2. specific disorder speech - not due to other reasons, the inability to master colloquial speech, which affects one of its important aspects: morphology, syntax, pragmatics or semantics. Both speech reproduction and perception may be impaired, and written speech. The disease affects up to 7% of children aged 5-6 years. With age, the deficit is corrected, but deviations in complex tests remain in adulthood. We have already mentioned one of the candidate genes for this disorder, CNTNAP2. Two more were localized on chromosome 16: CMIP and ATP2C2. CMIP encodes a protein that enters the cytoskeleton, and, except in SPP, its mutations occur in patients with autism. ATP2C2 encodes calcium ATPase and is involved in the regulation of cellular levels of magnesium and calcium.

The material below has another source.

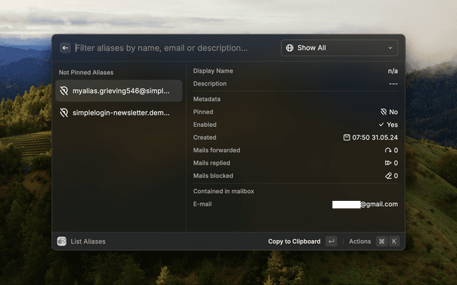 Mange your SimpleLogin Account: view and create aliases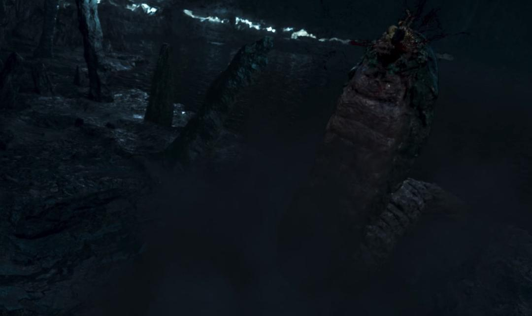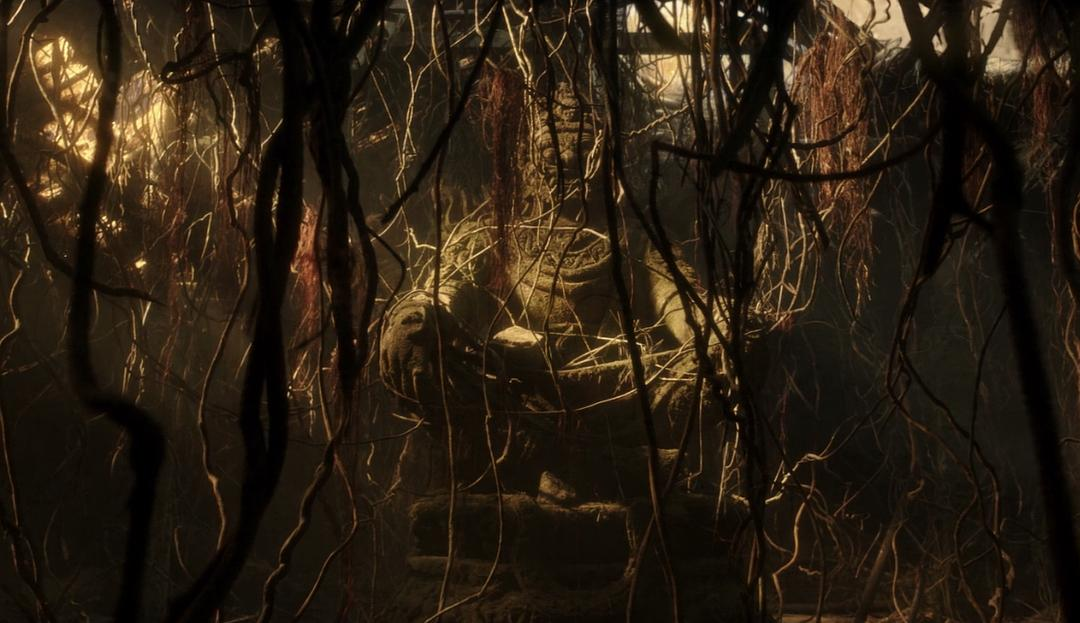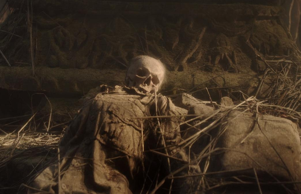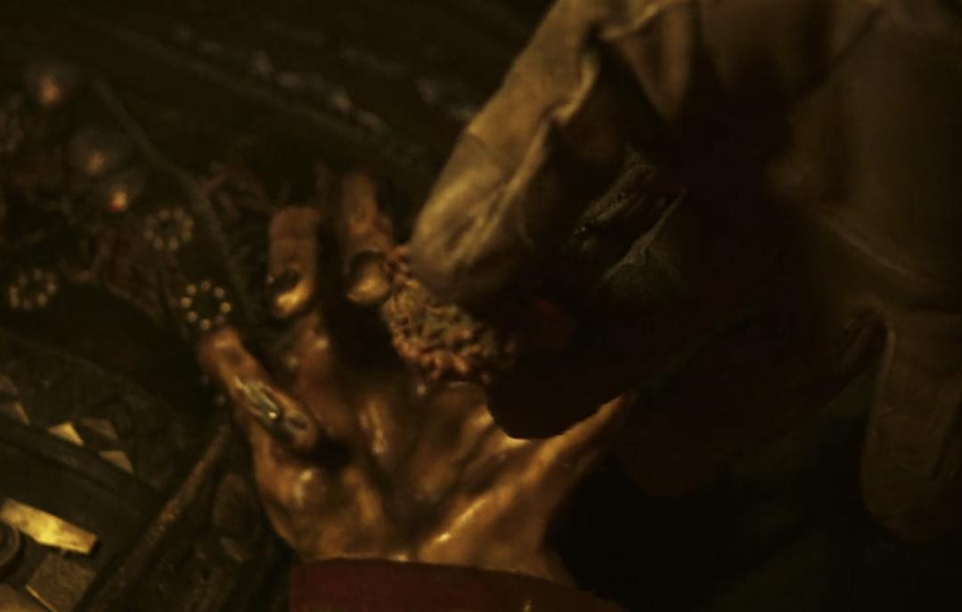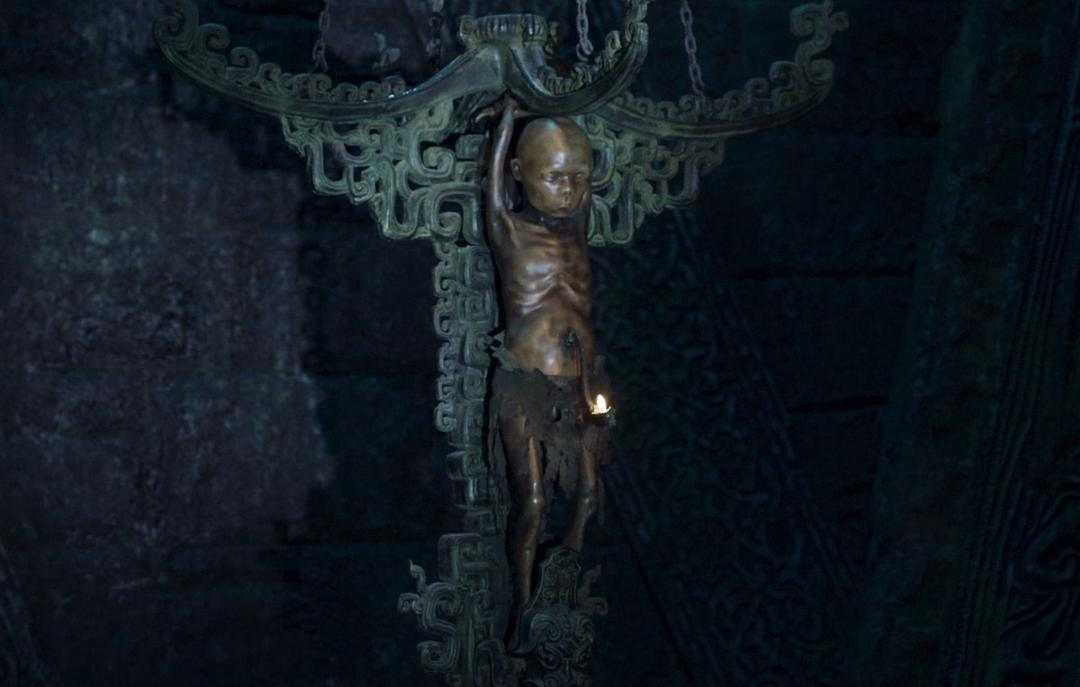6.大祭司下半身被替换成蛇身,蛇身上的血线与棺材外的夫妻树相连,使夫妻树成为了吸血树,树身之内除了棺材还有许多被吸成干尸的动物尸体。

3. Children's apraxia of speech - a disorder that was described at the beginning of the material, it was it that helped to detect the FOXP2 gene. However, later it turned out that only a small percentage of patients who meet the criteria for this disorder have damage in the FOXP2 gene, that is, most cases of childhood apraxia of speech must be due to other causes.
4. Disorder of sound pronunciation - difficulties with the reproduction and correct use of speech sounds, which are most often manifested by omissions and substitutions of sounds that are significant for understanding the meaning. This phenomenon is very often observed in young children who are just learning to speak. It is considered pathological if it persists by the age of six - this occurs in about 4% of cases. This disorder is difficult to distinguish from childhood apraxia and specific
speech disorder. May have a common genetic basis with dyslexia, as the most significant association is found with changes in the DYX5 region.
5. Stuttering - involuntary repetition and lengthening of syllables, pauses that violate the smoothness of speech. Usually resolves with age, but about 20% of patients continue to stutter into adulthood. Semantic and grammatical characteristics of speech, as a rule, are not violated. A relationship has been found with three genes involved in object recognition for lysosome enzymes: GNPTAB, GNPTG, and NAGPA. All three genes encode subunits of the enzyme N-acentyl-glucosamine-1-phosphotransferase, which is necessary for the "marking" of oligosaccharides containing mannose and subsequent recognition by lysosomes. These genes may also be associated with a more serious disease than stuttering - mucolipidosis types 2 and 3.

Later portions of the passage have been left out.